Diffusing or bouncing the light that comes from your source will certainly help soften any edges or shadows it creates, and you can do this with a video light by bouncing it off something white - like the wall/floor of the pool, a popup reflector, or even a white t-shirt. You can also diffuse the light by shining it through a plastic cup or a half a ping pong ball!
If you want to get more creative with your lighting, I’d suggest waiting until the sun has gone down and thenusing your constant lights to create some interesting effects. Like having one above the pool on a light stand aimed at the back of your subject’s hair and the other in the water off to the side to give a nice side light or a rim - just play with the power of each light to get a nice balance.
The possibilities are endless here, and the more lights you have the more options you’ll get. You can even tryattaching some coloured gels to your lights, this will open up loads of options for your underwater photos - you can even get sample packs of gels so you don’t need to buy whole sheets.
Bonus tip: if you have a swimming pool with a light try using that as a key or back light for your subject. Get them to sink down, a couple of feet in front of the light and flick their hair up - the effect should be amazing!
Whilst underwater photography is great fun, it also has its dangers. Here are a few things to keep in mind while planning your underwater photoshoots:
- Always keep plugged in electrical devices away from water! Stick to using battery-powered, they are much safer.
- If you’re photographing other people, make sure they feel comfortable and safe the whole time. Having additional people with you as safety is a great idea, just to keep an eye on everyone whilst shooting.

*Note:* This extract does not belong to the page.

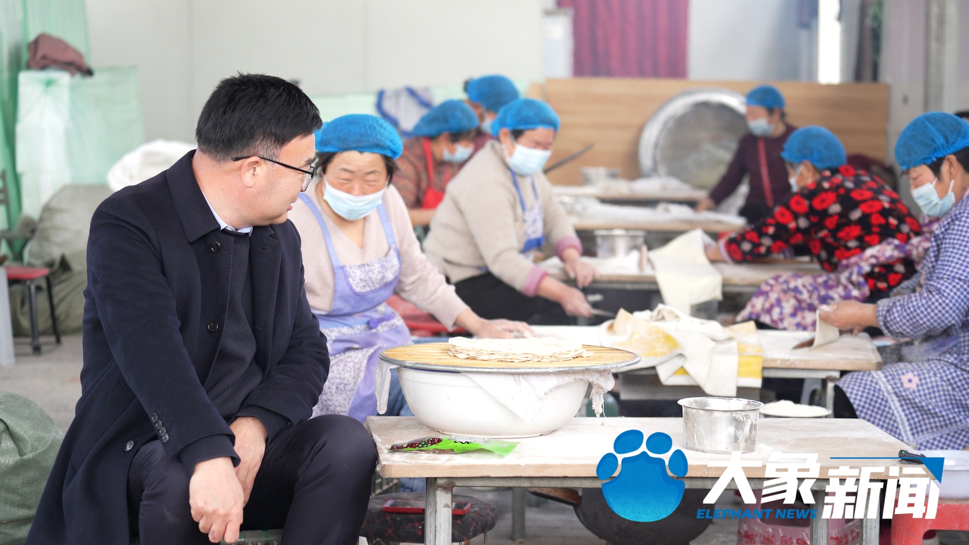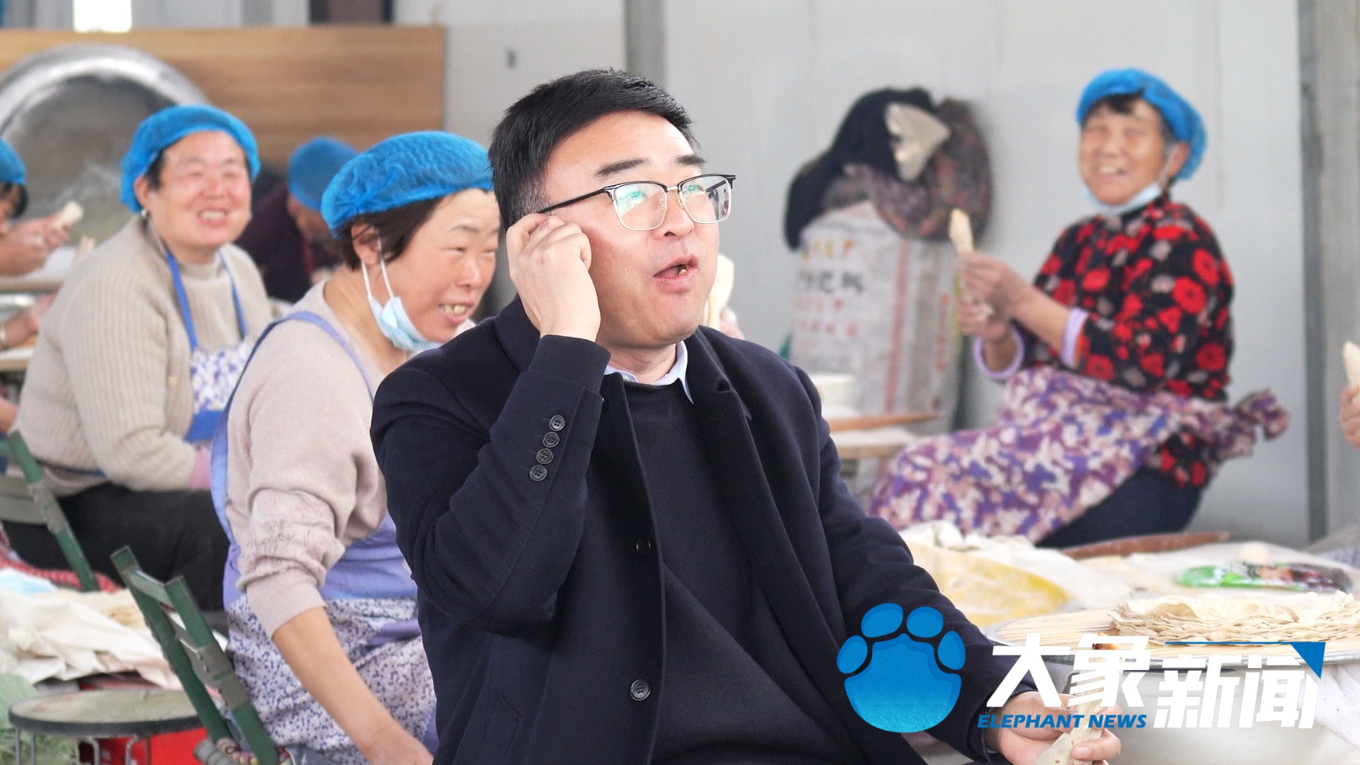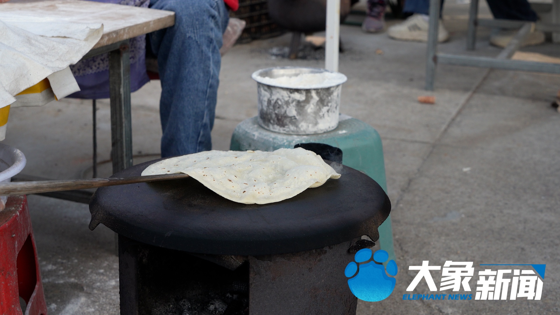 循着村民的指引,大象新闻《面孔》栏目记者在村西头的一顶蓝色大伞下,找到了名声在外的“烙馍驿站”。数十位老人两两一组,揉面、擀饼、翻烙,动作娴熟默契。伴随着鏊子下的柴火“噼啪”作响,一张张筋道的手工烙馍在案板上叠成厚厚一摞。
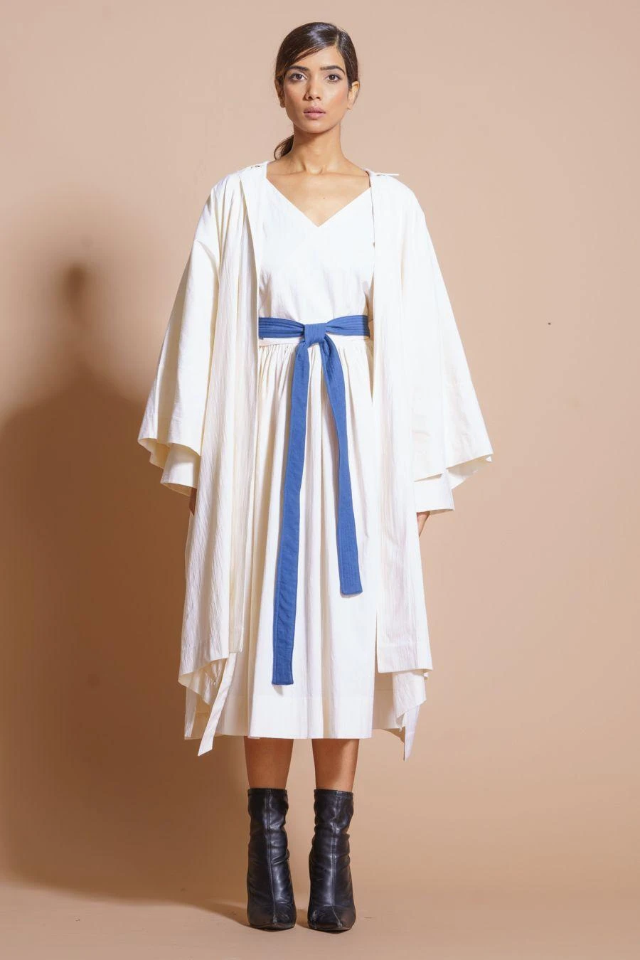 Take your layering game a notch higher with this off white jacket. Crafted in viscose lycra, this relaxed fit trench style jacket features flared sleeves. Pair it with the Off white gathered Rosemary dress from the collection to complete the set.

- If your subject is wearing clothing or a large dress/fabric, make sure they can stand easily in the water or have a float for them to hold on to - pool noodles are great for this.
- Make sure everyone involved is 100% confident with their skills, the best times are when everyone is happy.
Underwater photography can seem daunting and expensive, but it doesn't have to be. Using a little bit of ingenuity and some cheap gear you can really get some interesting and creative photos - all whilst having some fun in the water!